+++ DATA EXCERPT

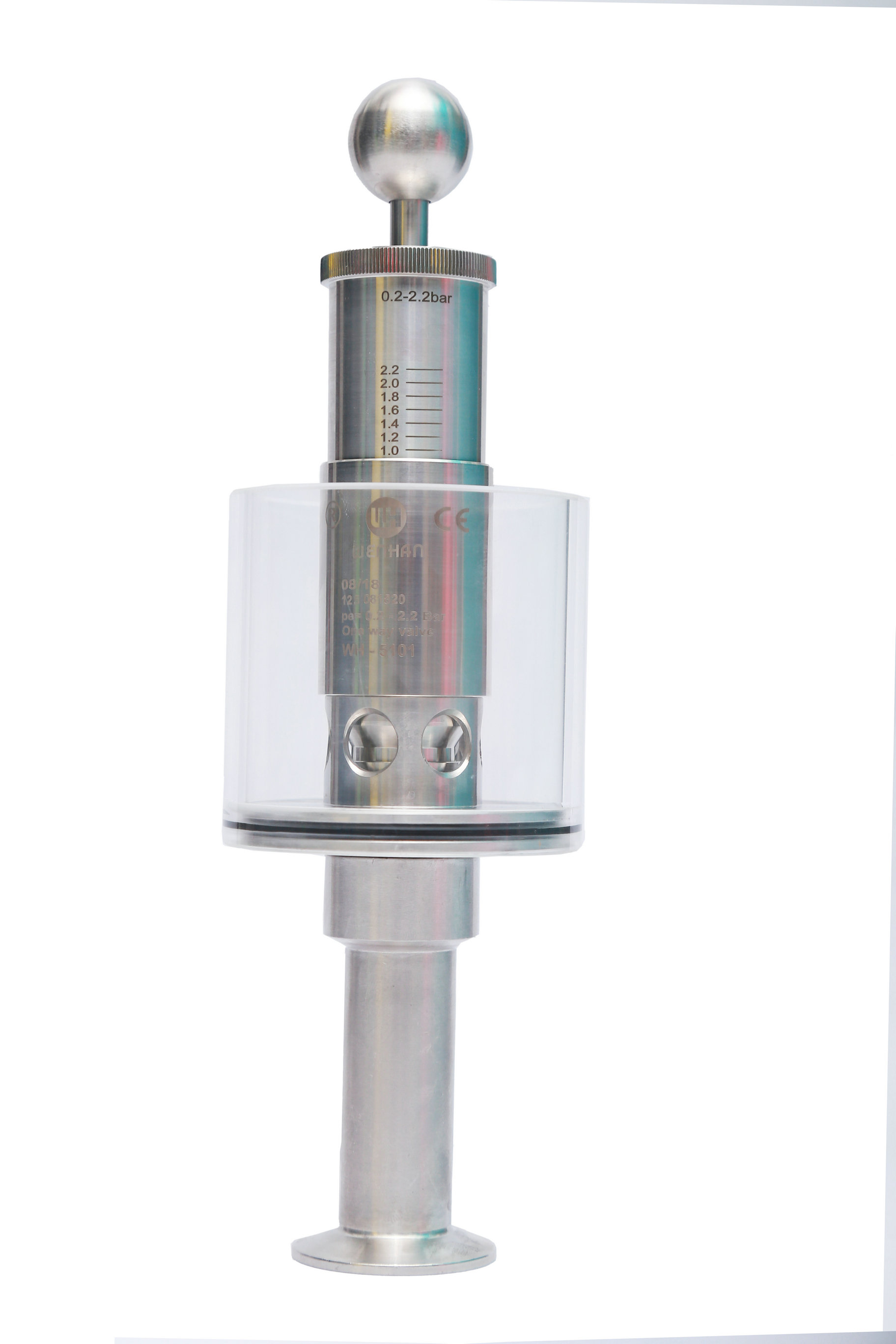 調(diào)節(jié)單向排氣閥保護(hù)容器壓力過高防爆作用,當(dāng)壓力高于設(shè)定壓力(標(biāo)準(zhǔn)1BAR)時可以排氣,反之關(guān)閉,調(diào)節(jié)桿標(biāo)上壓力刻度,所需壓力按刻度上調(diào)整,該閥門使用方便,刻度準(zhǔn)確,玻璃罩加水能看到發(fā)酵效果,減少染菌。同時也可以滿足于各種生產(chǎn)工藝需求,適用于各種食品加工,啤酒,飲料以及制藥等各種工業(yè)領(lǐng)域。
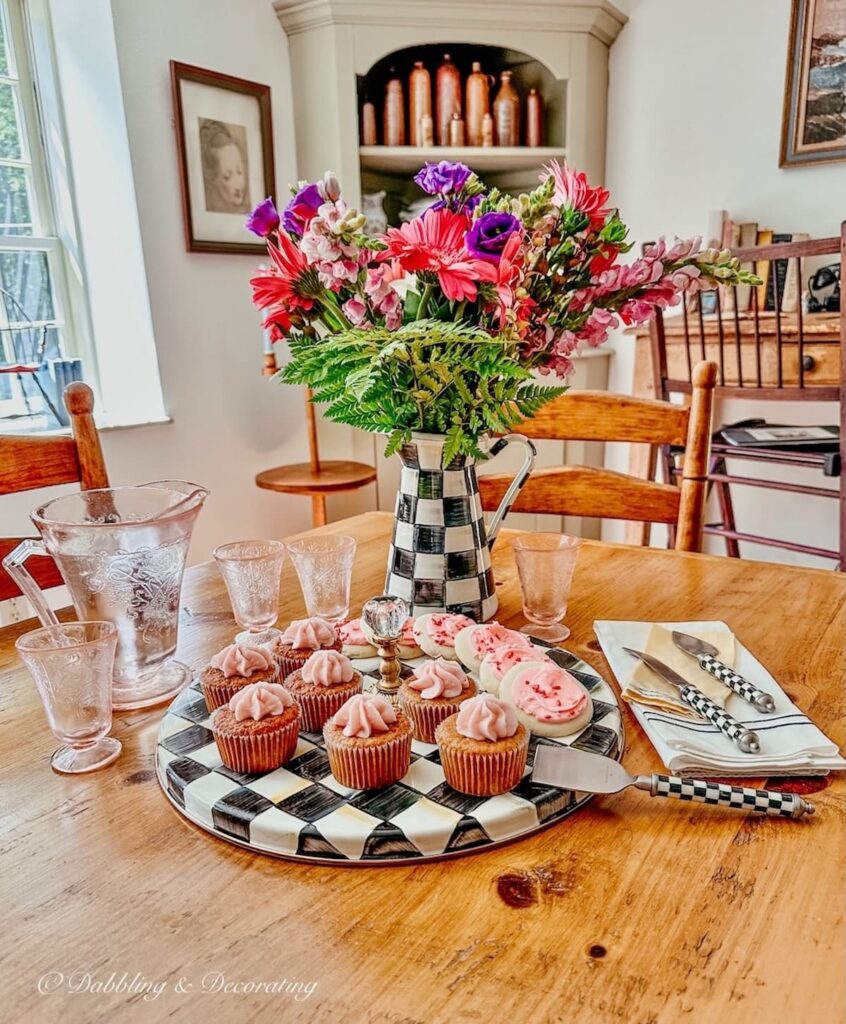 Now, let’s head up to the porch for a second summer dessert tablescape — this time with a patriotic twist using the same MacKenzie-Childs Sterling Check enamelware collection. With warmer weather arriving here in Vermont and summer holidays just around the corner, this porch table felt like the perfect setting for a more festive red, white, and blue dessert moment.
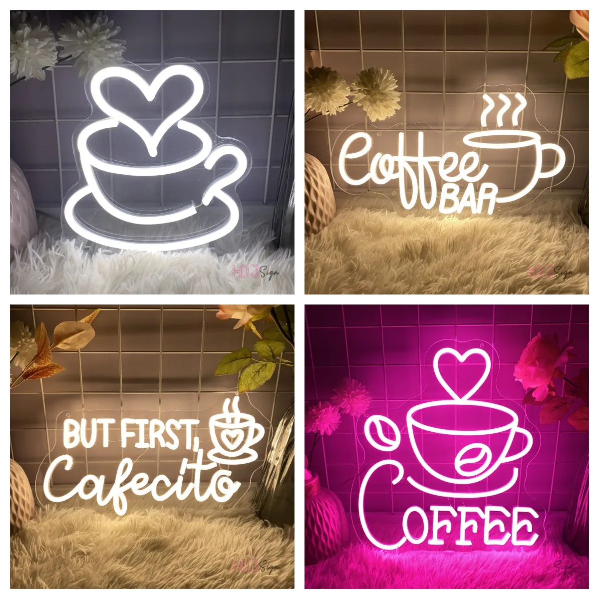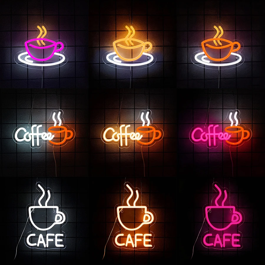 Enseigne néon café, lumière LED néon en forme de tasse à café pour décoration murale de bar à café, enseigne lumineuse pour station de café, café, cuisine, fête

++++++

● WHAT THE TASK REQUIRES: Give all of the material again, exactly, apart from the pictures.

● TASK RESULT:
 調(diào)節(jié)單向排氣閥保護(hù)容器壓力過高防爆作用,當(dāng)壓力高于設(shè)定壓力(標(biāo)準(zhǔn)1BAR)時可以排氣,反之關(guān)閉,調(diào)節(jié)桿標(biāo)上壓力刻度,所需壓力按刻度上調(diào)整,該閥門使用方便,刻度準(zhǔn)確,玻璃罩加水能看到發(fā)酵效果,減少染菌。同時也可以滿足于各種生產(chǎn)工藝需求,適用于各種食品加工,啤酒,飲料以及制藥等各種工業(yè)領(lǐng)域。
 Now, let’s head up to the porch for a second summer dessert tablescape — this time with a patriotic twist using the same MacKenzie-Childs Sterling Check enamelware collection. With warmer weather arriving here in Vermont and summer holidays just around the corner, this porch table felt like the perfect setting for a more festive red, white, and blue dessert moment.
 Enseigne néon café, lumière LED néon en forme de tasse à café pour décoration murale de bar à café, enseigne lumineuse pour station de café, café, cuisine, fête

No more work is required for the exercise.